“The failure to prepare could allow the next epidemic to be dramatically more devastating.” – Bill Gates, TED2015
Over the last decade, the planet has dealt with several virus outbreaks viz. H1N1 (Swine Flu), Middle East Respiratory Syndrome (MERS) and Ebola. These viruses turned out to be deadly with high fatality rates, but were probably not as devastating as the Spanish Flu. While the world, largely, has been free from the above-mentioned virus outbreaks, countries such as Congo are still dealing with Ebola as a national health emergency. And this year, mankind witnessed the deadliest of outbreaks in the form of COVID-19. As per the World Health Organization (WHO) records, the first set of cases were reported in Wuhan, China on 31st December 2019. Subsequently, China announced the disease to be novel corona virus, a respiratory syndrome closely related to the SARS 2002-03. Before long, the virus spread to nearly every country. So far, an estimated 3.8 million people have been affected and 270,000 patients are reported dead, and the numbers are increasing day by day.
Corona continues to spread and impact millions of people across the world, as countries find ways to tackle it. The rate at which the virus spread in China, Iran, Italy, Spain and the US shows how underprepared the world has been in addressing any pandemic. Germany and South Korea, on the other hand, showed the world that when testing is done on a large scale, chances of people with few or no symptoms are identified thus increasing the number of known cases. On the economic front, the virus severely impacted economies with most bearing the brunt of lockdowns. It may take some time to get a deeper insight into the impact on industries across the globe. The healthcare industry, however, is at the centre of the crisis.

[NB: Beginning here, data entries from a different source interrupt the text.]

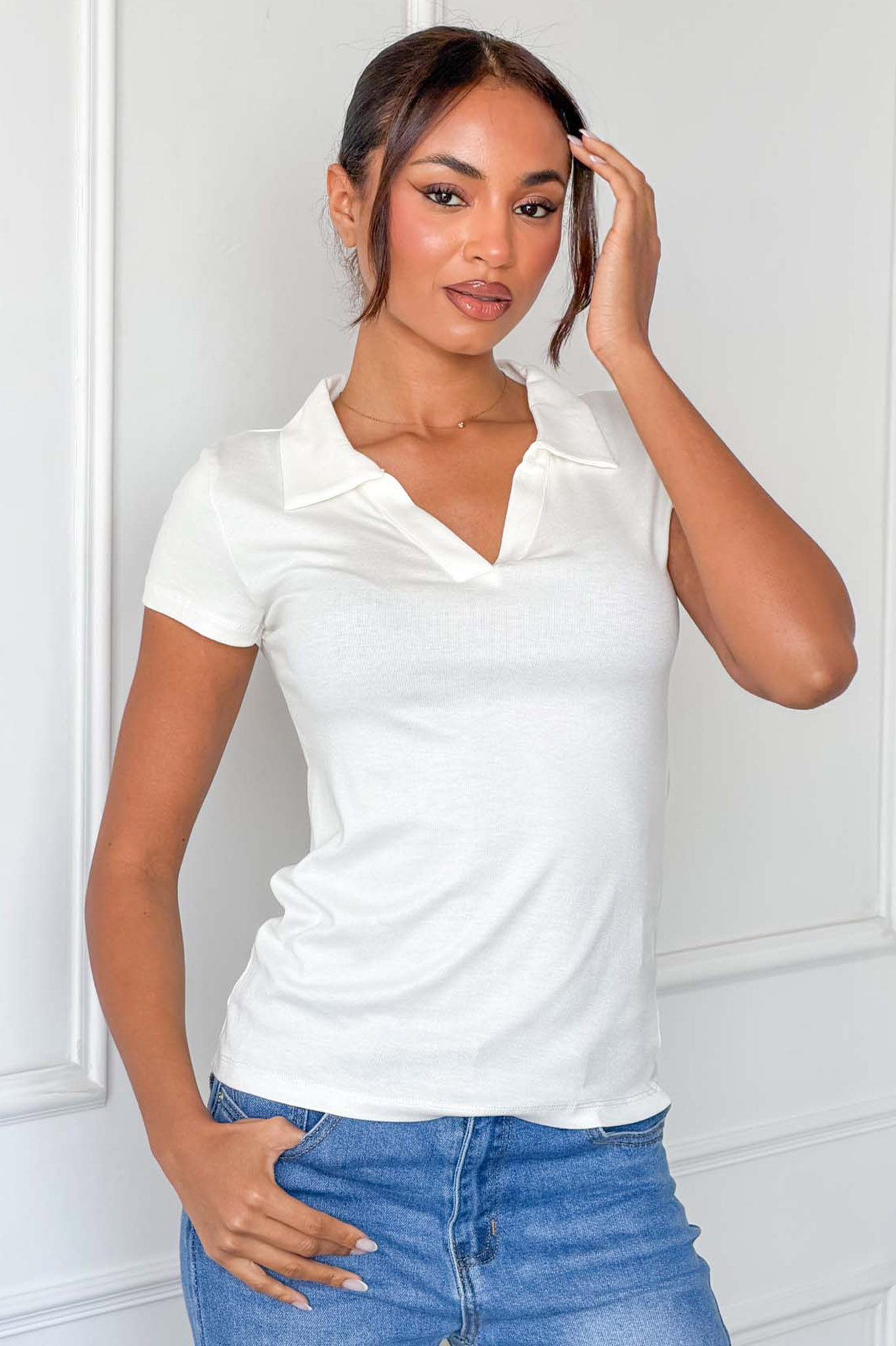 Danyελαστική κοντομάνική μπλούζα με γιακά λευκό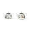 二十世紀 余文襄款 墨彩粉彩雪景圖題詩茶壺(共兩件)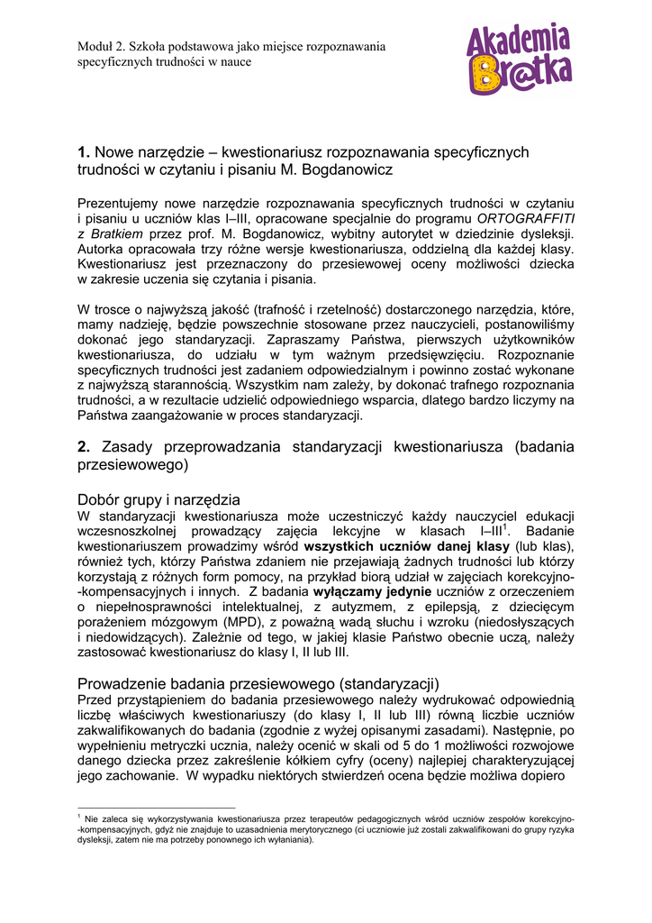Moduł 2. Szkoła podstawowa jako miejsce rozpoznawania specyficznych trudności w nauce 1. Nowe narzędzie – kwestionariusz rozpoznawania specyficznych trudności w czytaniu i pisaniu M. Bogdanowicz Prezentujemy nowe narzędzie rozpoznawania specyficznych trudności w czytaniu i pisaniu u uczniów klas I–III, opracowane specjalnie do programu ORTOGRAFFITI z Bratkiem przez prof. M. Bogdanowicz, wybitny autorytet w dziedzinie dysleksji. Autorka opracowała trzy róŜne wersje kwestionariusza, oddzielną dla kaŜdej klasy. Kwestionariusz jest przeznaczony do przesiewowej oceny moŜliwości dziecka w zakresie uczenia się czytania i pisania. W trosce o najwyŜszą jakość (trafność i rzetelność) dostarczonego narzędzia, które, mamy nadzieję, będzie powszechnie stosowane przez nauczycieli, postanowiliśmy dokonać jego standaryzacji. Zapraszamy Państwa, pierwszych uŜytkowników kwestionariusza, do udziału w tym waŜnym przedsięwzięciu. Rozpoznanie specyficznych trudności jest zadaniem odpowiedzialnym i powinno zostać wykonane z najwyŜszą starannością. Wszystkim nam zaleŜy, by dokonać trafnego rozpoznania trudności, a w rezultacie udzielić odpowiedniego wsparcia, dlatego bardzo liczymy na Państwa zaangaŜowanie w proces standaryzacji. 2. Zasady przeprowadzania standaryzacji kwestionariusza (badania przesiewowego) Dobór grupy i narzędzia W standaryzacji kwestionariusza moŜe uczestniczyć kaŜdy nauczyciel edukacji wczesnoszkolnej prowadzący zajęcia lekcyjne w klasach I–III1. Badanie kwestionariuszem prowadzimy wśród wszystkich uczniów danej klasy (lub klas), równieŜ tych, którzy Państwa zdaniem nie przejawiają Ŝadnych trudności lub którzy korzystają z róŜnych form pomocy, na przykład biorą udział w zajęciach korekcyjno-kompensacyjnych i innych. Z badania wyłączamy jedynie uczniów z orzeczeniem o niepełnosprawności intelektualnej, z autyzmem, z epilepsją, z dziecięcym poraŜeniem mózgowym (MPD), z powaŜną wadą słuchu i wzroku (niedosłyszących i niedowidzących). ZaleŜnie od tego, w jakiej klasie Państwo obecnie uczą, naleŜy zastosować kwestionariusz do klasy I, II lub III. Prowadzenie badania przesiewowego (standaryzacji) Przed przystąpieniem do badania przesiewowego naleŜy wydrukować odpowiednią liczbę właściwych kwestionariuszy (do klasy I, II lub III) równą liczbie uczniów zakwalifikowanych do badania (zgodnie z wyŜej opisanymi zasadami). Następnie, po wypełnieniu metryczki ucznia, naleŜy ocenić w skali od 5 do 1 moŜliwości rozwojowe danego dziecka przez zakreślenie kółkiem cyfry (oceny) najlepiej charakteryzującej jego zachowanie. W wypadku niektórych stwierdzeń ocena będzie moŜliwa dopiero 1 Nie zaleca się wykorzystywania kwestionariusza przez terapeutów pedagogicznych wśród uczniów zespołów korekcyjno-kompensacyjnych, gdyŜ nie znajduje to uzasadnienia merytorycznego (ci uczniowie juŜ zostali zakwalifikowani do grupy ryzyka dysleksji, zatem nie ma potrzeby ponownego ich wyłaniania). Moduł 2. Szkoła podstawowa jako miejsce rozpoznawania specyficznych trudności w nauce po wykonaniu zadania przez dziecko. W przypadkach wątpliwych warto swoją ocenę skonsultować z innymi nauczycielami lub rodzicami dziecka. Wynik otrzymujemy przez zsumowanie wszystkich ocen. Na zakończenie porównujemy wynik uzyskany przez danego ucznia z tabelą interpretacji wyników i wpisujemy w rubryce z wynikiem jego interpretację (ocena dobra lub ocena niska). Średnią ocenę ucznia liczymy, dzieląc otrzymany wynik przez liczbę stwierdzeń (39 dla klasy I, 37 dla klasy II, 31 dla klasy III). 3. Interpretacja wyników Wynik 118–195 39– 117 Wynik 111 –185 37 – 110 Wynik 93 - 155 31 – 92 Kwestionariusz rozpoznawania specyficznych trudności w czytaniu i pisaniu M. Bogdanowicz – klasa I Interpretacja oceny moŜliwości rozwojowych oraz czytania i pisania tempo nauki w normie, ocena dobra brak zagroŜenia niepowodzeniami szkolnymi prawdopodobne ocena niska niepowodzenia w nauce czytania i pisania, w tym ryzyko dysleksji rozwojowej Kwestionariusz rozpoznawania specyficznych trudności w czytaniu i pisaniu M. Bogdanowicz – klasa II Interpretacja oceny moŜliwości rozwojowych oraz czytania i pisania tempo nauki w normie, ocena dobra brak zagroŜenia niepowodzeniami szkolnymi niepowodzenia w nauce ocena niska czytania i pisania, w tym ryzyko dysleksji rozwojowej Kwestionariusz rozpoznawania specyficznych trudności w czytaniu i pisaniu M. Bogdanowicz – klasa III Interpretacja oceny moŜliwości rozwojowych oraz czytania i pisania tempo nauki w normie, ocena dobra brak zagroŜenia niepowodzeniami szkolnymi niepowodzenia w nauce ocena niska czytania i pisania, w tym dysleksja rozwojowa Moduł 2. Szkoła podstawowa jako miejsce rozpoznawania specyficznych trudności w nauce 4. Zakwalifikowanie do odpowiedniej pomocy W przypadku stwierdzenia niskiego wyniku, szczególnie gdy ujawnia się niski poziom funkcji poznawczych i ruchowych (w ocenianych funkcjach przewaŜa średnia ocena 1–2) oraz gdy jednocześnie występują nasilone trudności w czytaniu, konieczne jest udzielenie dziecku pomocy w postaci zajęć wspomagających rozwój, na przykład korekcyjno-kompensacyjnych. Mają one na celu podniesienie poziomu sprawności ocenianych funkcji oraz poprawienie umiejętności czytania i pisania. Z uwagi na fakt, Ŝe badanie przesiewowe w ramach Akademii Bratka prowadzimy w drugiej połowie roku szkolnego (prawidłowo powinno się odbyć w pierwszych dwóch miesiącach nauki), prawdopodobnie niemoŜliwe będzie udzielenie uczniowi oczekiwanej pomocy. W takim wypadku zalecenia wynikające z przeprowadzonego badania naleŜy wdroŜyć w Ŝycie od nowego roku szkolnego. Jeśli pomoc została udzielona, to zyskamy potwierdzenie, Ŝe nasze działania były słuszne. 5. Zakończenie standaryzacji Ostatnim etapem badania jest wprowadzenie wszystkich danych (oprócz imienia i nazwiska) kaŜdego ucznia, uzyskan

When a virus outbreak occurs, it exposes gaps in the global healthcare infrastructure and capabilities to handle such crisis. On one hand, healthcare organisations are challenged to manage an overwhelming number of patients with lack of facilities and necessary equipment. At risk are millions of frontline health workers dedicated to serve the ever-increasing patients, and it is critical to safeguard the frontline staff physically and psychologically. On the other hand, social distancing and other measures have disrupted business continuity pushing out-patient visits and surgeries with exceptions for emergencies. Delay in returning to normalcy can impair the ability to manage their establishments.
In order for healthcare institutions to swiftly respond to a global health emergency there needs to be a strengthening of emergency management capabilities, improved technology adoption in patient management, and redesigning facilities to create dedicated space for isolation in case of a virus outbreak. Better partnerships between governments and healthcare organisations could pave the way for building sustainable health infrastructure and disease surveillance systems. The solution to facing any epidemic is to anticipate potential outbreak, identify the evolution of disease and raise public awareness to contain and prevent loss of lives across the globe.
COVID-19 has shown us that developed countries are not immune to virus outbreak. When public health services across countries are bolstered to respond to emergencies, the world becomes well-equipped to protect lives and minimise fatalities. The cover story of this issue showcases articles focused on dealing with health epidemics. They offer insights around technology deployment for managing infections, redesigning hospital emergency facilities, developing robust disaster management capabilities to containment of outbreaks through effective public health measures.